2. Literature Review and Background to the Study

2.1. The Structure of the Crude Oil Market

The global crude oil market has been described theoretically as an oligopolistic market [22]. It is said that the long term marginal cost of oil is a small fraction of oil price [23]; therefore, the prices are driven by the restriction of excess supply by the market supply leader. Such scenario describes the OPEC monopolistic theory, where higher cost producers sell all they can produce and the low cost producers satisfy the market supply shortage or excess demand at current prices and could as well restrict production [22]. There is econometric evidence that confirms this position about Saudi Arabia, which plays the role of a “swing” producer [22]. Other studies also support the oligopolistic nature of the oil market and the market dominance by Saudi Arabia and OPEC [2426].

On the other hand, the demand for crude oil is driven by the choices of individual households/firms as well as other private interest groups such as refineries because of the economic and national security importance of oil [22]. The dependence of the economy and national security on oil makes it inevitable for oil importing countries to influence oil demand (just like oil exporting countries influence the supply). Therefore, the oil market is also influenced by the oil importing countries. These influences could be in the form of investing public funds in the development of alternative energy sources (in order to create substitutes), explorations based on advanced technology, fiscal instruments, environmental regulations, political interventions, strategic oil reserves, and so forth [22, 27, 28].

However, it has been established in the literature that the crude oil market is also competitive especially on determination of prices, where the forces of supply and demand determine the spot market prices [22, 29, 30]. According to Hamilton [30] there are three separate conditions that hold in equilibrium in the dynamic crude oil market and these conditions are storage/inventory, futures markets, and scarcity rent factors.

In the competitive oil market, spot prices are the market prices against the official prices (OPEC or major oil companies determined) that were more influential in the 1970s and early 1980s because the petroleum industry has become increasingly dependent on the spot prices which also determine the term and futures prices [27].

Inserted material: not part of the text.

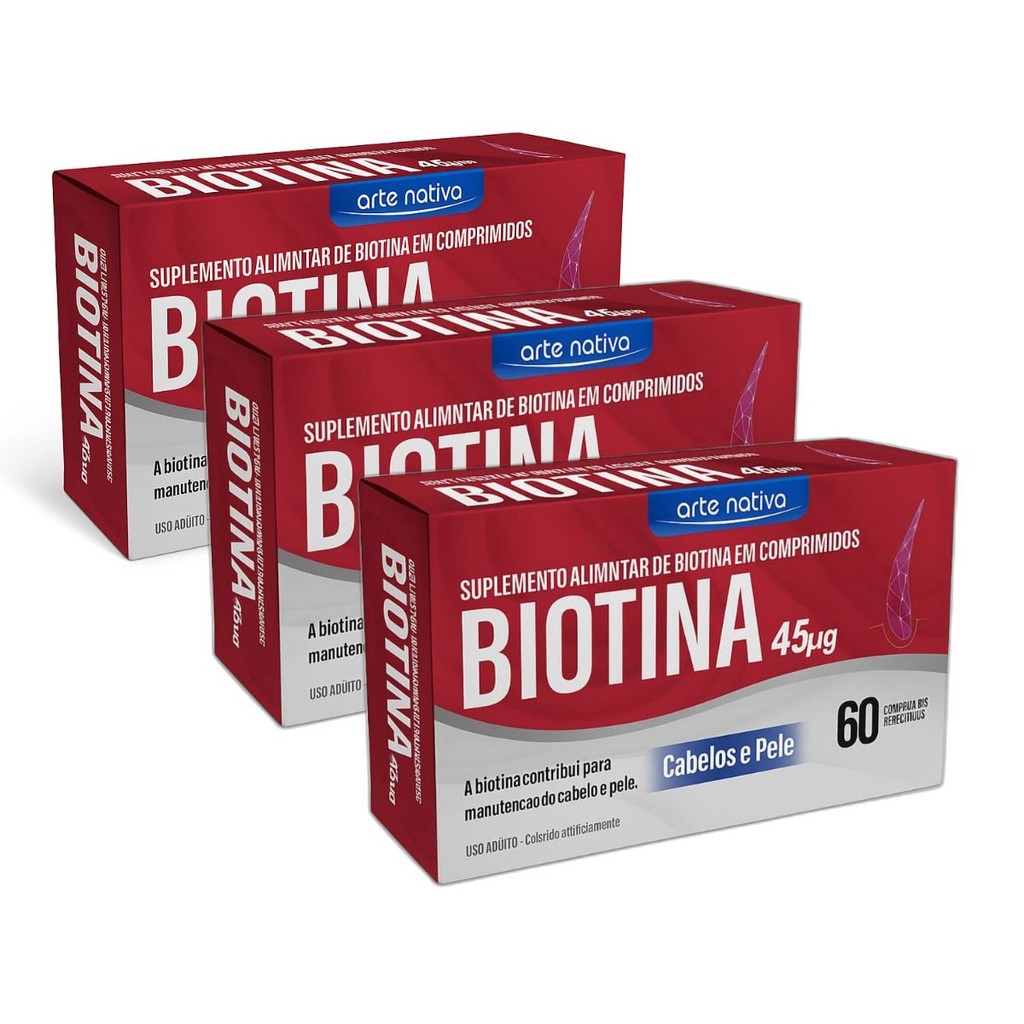 A Biotina é um suplemento alimentar à base de vitamina B7, essencial para o metabolismo energético e para a manutenção da saúde da pele, cabelos e unhas. Benefícios da biotina: • Fortalece e estimula o crescimento capilar • Melhora a firmeza e a hidratação da pele • Fortalece unhas quebradiças e frágeis • Auxilia na produção de energia celular • Contribui para o bom funcionamento do sistema nervoso; RECOMENDAÇÃO DE USO: GRUPO POPULACIONAL ≥19 anos: Consumir 1 (um) comprimido ao dia.

The major factors that affect crude oil demand and supply are therefore expected to affect crude oil prices as well. Inasmuch as the global oil market is seen as competitive, there are situations where market failure occurs which may lead to imperfect competition. When a market failure occurs, the price of crude oil would be affected.

This study assumes that while the market is competitive it is dynamic and not fully transparent which brings about market failure. Theoretically, the introductions of climate change mitigation policies are expected to have major impacts on the oil market. Energy efficiency methods and subsidy on renewable energy sources are market driven climate change mitigation policies while carbon taxes are public/government driven policies that also distort the market. When energy efficiency policies are introduced, the demand falls over time and such demand shocks are eventually transmitted to the market. When renewable energy sources are subsidised, the substitution effect comes into play and demand for oil also falls over time. However, when carbon taxes are introduced, it disrupts the competitive markets situation or equilibrium by driving up crude oil prices which enhances the economic activities to discover adequate noncarbon/less-carbon substitutes for oil over time. Therefore, it is assumed that even when oil demand tends to be price inelastic or have low price elasticity [30], the combination of the energy efficiency driven demand shocks, renewable energy subsidy driven substitution effects, and carbon tax driven market distortion may affect oil prices, if not in the short term then in the long term.

2.2. Related Studies in the Literature

Climate change mitigation activity entails any activity or policy related to the reduction of greenhouse gases emissions [19]. Among the greenhouse gases, CO2 accounts for over fifty percent (50%) of the sources of global warming [31]. It is also established by the UNFCCC [31] that fossil fuels (coal, oil, and gas) are the major sources of CO2 emissions and are responsible for about fifty-six percent (56%) of the total global CO2 emission. So, it is assumed that major activities that will reduce CO2 emissions would take fossil fuel consumption into consideration.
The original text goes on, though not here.